Let $G=\mathbb Z\rtimes\mathbb Z$ and $H=\mathbb Z\rtimes7\mathbb Z$. I want to check if $H◁G$.
I know I need to calculate $N_G(H)$, and I think this is $$N_G(H)=\{(m,n) ∈ G \mid (m,n)(l,7k)(m,n)^{-1} ∈ H, \forall l,k\}$$
but I'm not sure when to go from there. I wasn't given great notes for this.
I think I can use $$(m,n)(l,7k)(m,n)^{-1}=(m+(-1)^ml, n+7k)(-(-1)^nm,-n) =(m+(-1)^nl+(-1)^n+7k)(-1)^(n+1)m,7k) =(m(1-(-1)^k)+(-1)^nl,7k)$$
But what does this mean?
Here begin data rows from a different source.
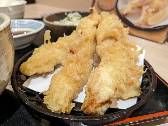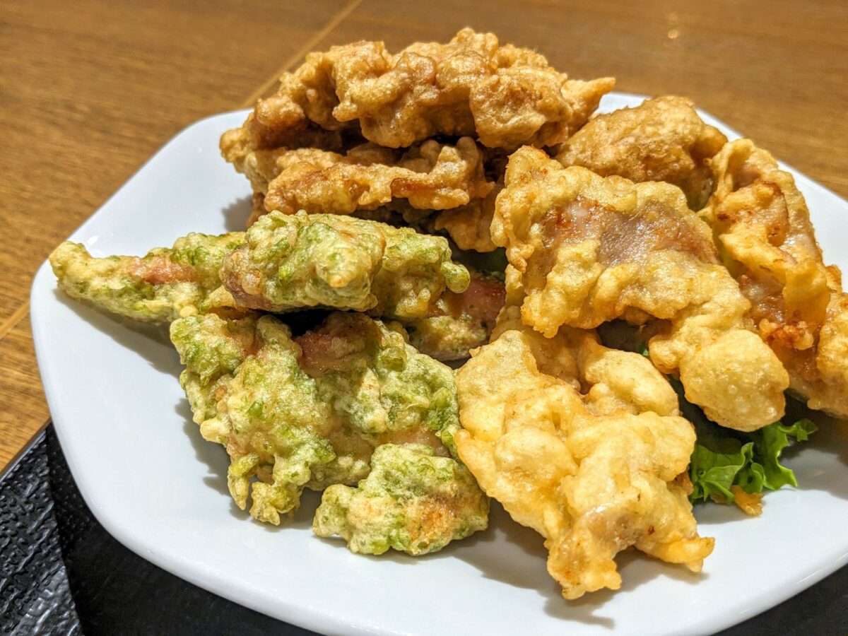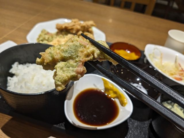 文句なしで美味なのが「あおさとり天」。磯部揚げのような風味がたまらないお味。こちらは塩をつけると「のり塩」感が高まっておすすめ。
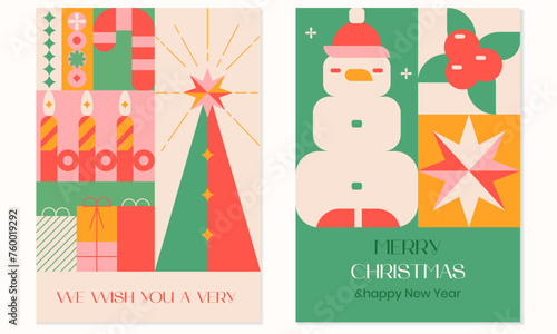 Web site onboarding screens. Christmas and new year party. Snowman, santa claus and christmas tree. Menu vector banner template for website and mobile app development. Modern design flat illustration
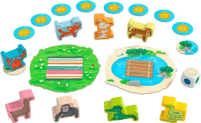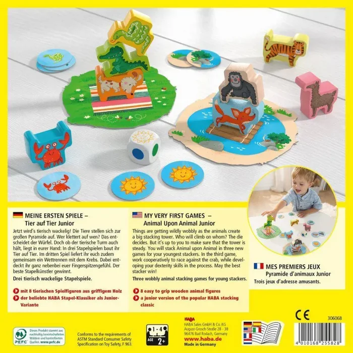 Jetzt wird’s tierisch wackelig! Beim HABA Stapelspiel Meine ersten Spiele – Tier auf Tier Junior stellen sich die Tiere zur großen Pyramide auf. Wer klettert auf wen? Das finden die jungen Stapelkünstler heraus, indem sie würfeln. Doch ob der tierische Turm auch hält, liegt in der Hand der Spieler: In drei Stapelspielen bauen sie Tier auf Tier. So landen das Krokodil auf dem Hund und die Schlange auf dem Affen. Im dritten Spiel liefern sich die Spieler zudem gemeinsam ein Wettrennen mit dem Krebs. Mit Meine ersten Spiele – Tier auf Tier Junior von HABA trainieren die Jüngsten spielerisch ihr Fingerspitzengefühl. Am Ende gewinnt der beste Stapelkünstler.
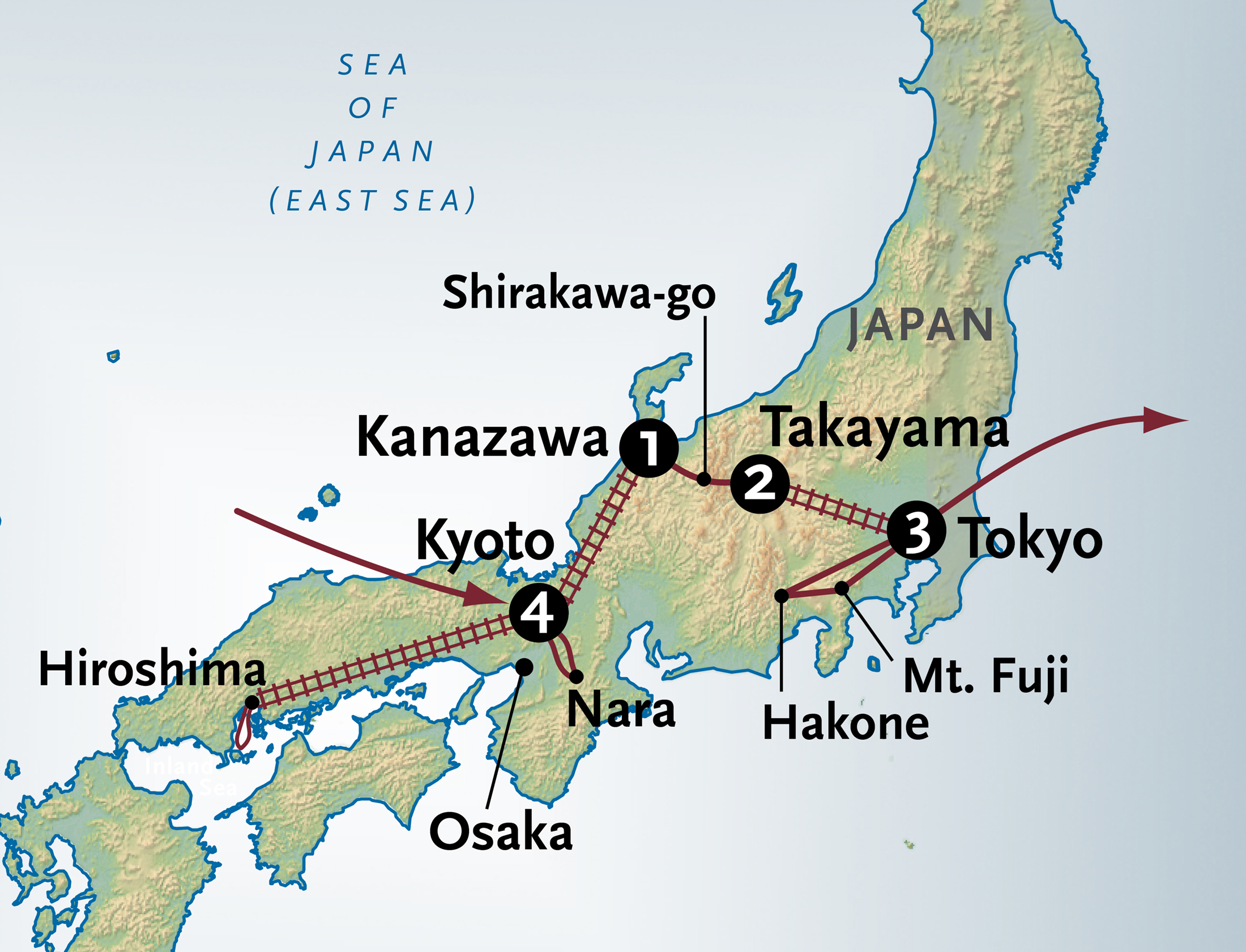 With colorful centuries-old traditions, Takayama’s Spring + Fall Festivals are highlighted by a spectacular parade of giant floats, many of them dating to the 17th century with remarkable, ingeniously-animated moving parts. Go in Spring and delight in the island’s famed Cherry Blossoms or join us in the fall for the brilliant autumn foliage – what the Japanese call Momiji.

Thanks
I think you had better not to make those calculations (although they certainly give you the result eventually). Because $G$ is semi-direct product $\mathbb{Z}\rtimes \mathbb{Z}$ you can take $\pi$ the projection of $G$ onto the second factor this gives you :
$$\pi: \mathbb{Z}\rtimes \mathbb{Z}\rightarrow \mathbb{Z} $$
$$(a,b)\mapsto b$$
Now this is a surjective group morphism and from the very definition of $H$ you have that $\pi^{-1}(7\mathbb{Z})=:H$. It is clear that $7\mathbb{Z}\triangleleft \mathbb{Z}$, then you can use the following fact (easy exercise) the inverse image of a normal subgroup by a surjective morphism is a normal subgroup. Hence $H\triangleleft G$.